On that basis, the source control actions to be taken in order to improve water quality in the studied basins should prioritize regions where it could have more impact in the basin. In the Piracicaba basin, the gauges upstream (RD025 and RD029) are likely good candidates given the smaller drainage area and a probable high percentage of point sources. In the Piranga basin, on the other hand, the gauge where the adoption of pollution control practices would have a higher impact is the RD013. In the listed gauges, the main advantage is the existence of point sources of pollution, which are more feasible to identify and further control.

5. Conclusions

This study presents an alternative method to estimate E. coli load reduction in different locations of Piranga and Piracicaba basins, considering different flow regimes and seasons, using the concept of Load Duration Curves (LDC) and Total Maxim Daily Loads (TMDL). The results made evident that the loading of raw sewage in the rivers is one of the leading causes of E. coli contamination in all flow regimes for both basins.
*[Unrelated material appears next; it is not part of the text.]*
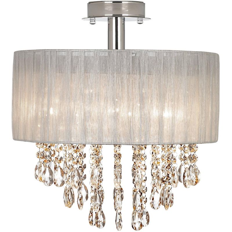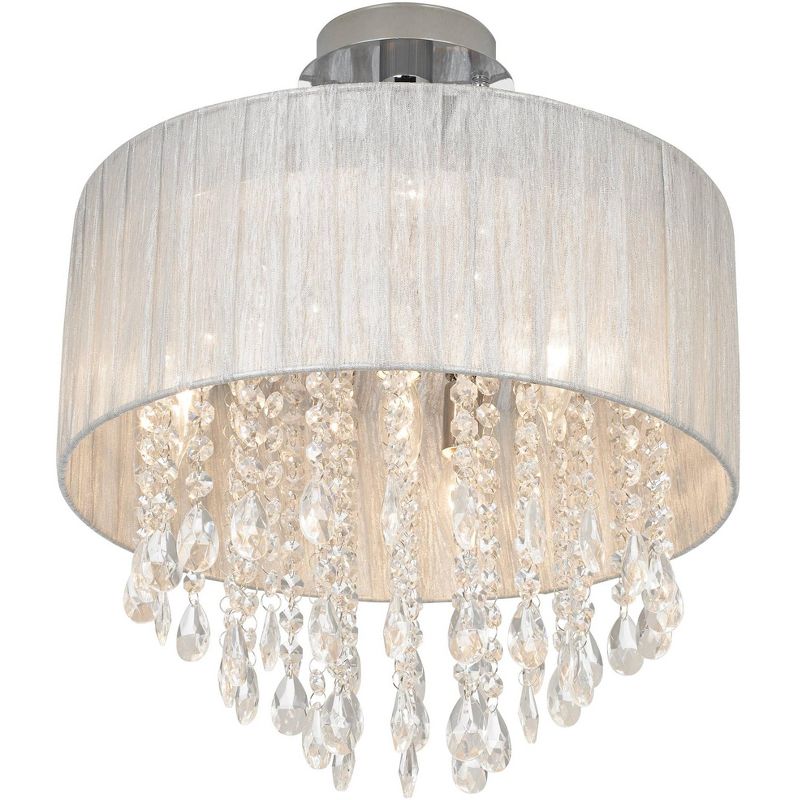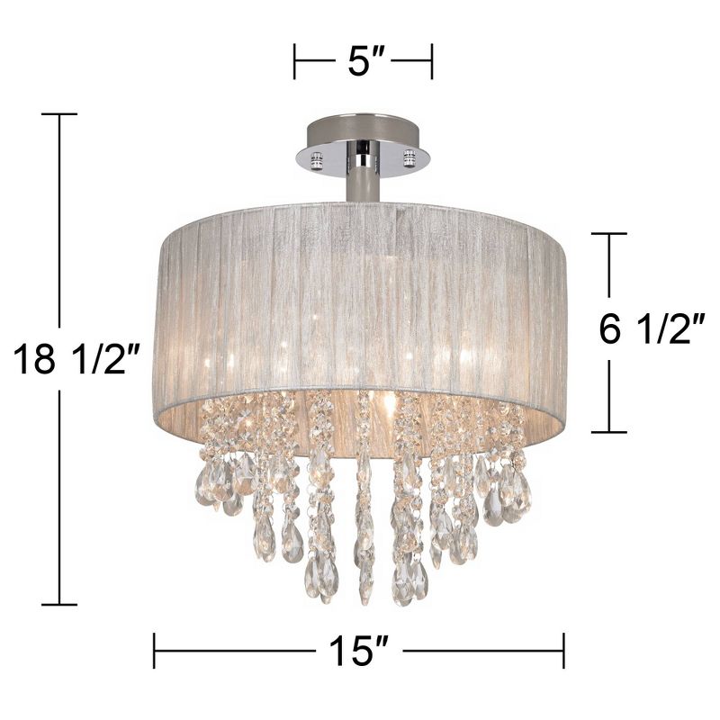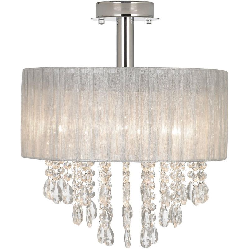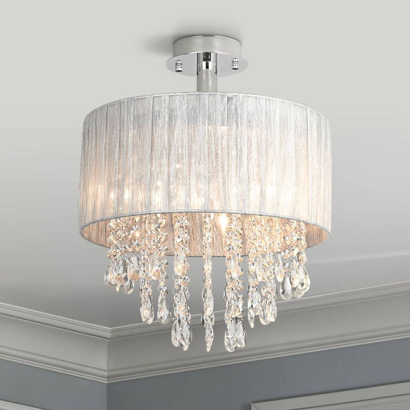 The perfect fixture for a formal dining or seating area. This semi-flushmount ceiling light comes with a sheer silver drum shade that offers a beautiful semi-transparent look. Strands of faceted crystals hang down from the shade for a sparkling effect, and gleaming chrome finish hardware completes this elegant design.

Thus, the first practice in the basins to control E. coli pollution should be the installation of wastewater treatment plants.

In the Piracicaba basin, the tendency is that the observed load is higher than the TMDL curve for all flow regimes, with a higher need for load reduction in low flows, in upstream gauges. On gauge RD031, on the other hand, located downstream of the basin, although there is an impairment of almost 70%, the TMDL load is equal to the observed load for about 80% of the streamflow permanence, considering the smoothing (Loess) curve.

For the Piranga basin, there is a higher variation in the E. coli contamination. Nevertheless, more efforts should focus on controlling the contamination in the higher flows (HF), because the RD was positive for all gauges under this condition, and the minimum percentage of impairment was over 65%.

The study proposes a different way to monitor water quality in Brazilian waters. Nowadays, the primary method used to measure water quality is through the measurement of pollutant concentration, not considering the streamflow related to that concentration. However, in order to improve water quality, it is essential to monitor both aspects, namely water quality and quantity, to propose techniques that are appropriate for the watershed and will control pollution.

The study brought different analyses that can be explored to improve water quality in the studied and other basins. For instance, with this methodology, it is possible to assess water quality and propose periodical goals in order to achieve a certain water standard. The method can also help define the needed efficiency in wastewater treatment plants, and thus, the definition of proper technology. Also, the identification of potential pollution sources can be facilitated with the seasonality approach. This type of approach can aid in the understanding of fate, transport, and survival of E. coli, which is a pollutant of many basins. Nevertheless, the methodology proposed can be applied to different contaminants.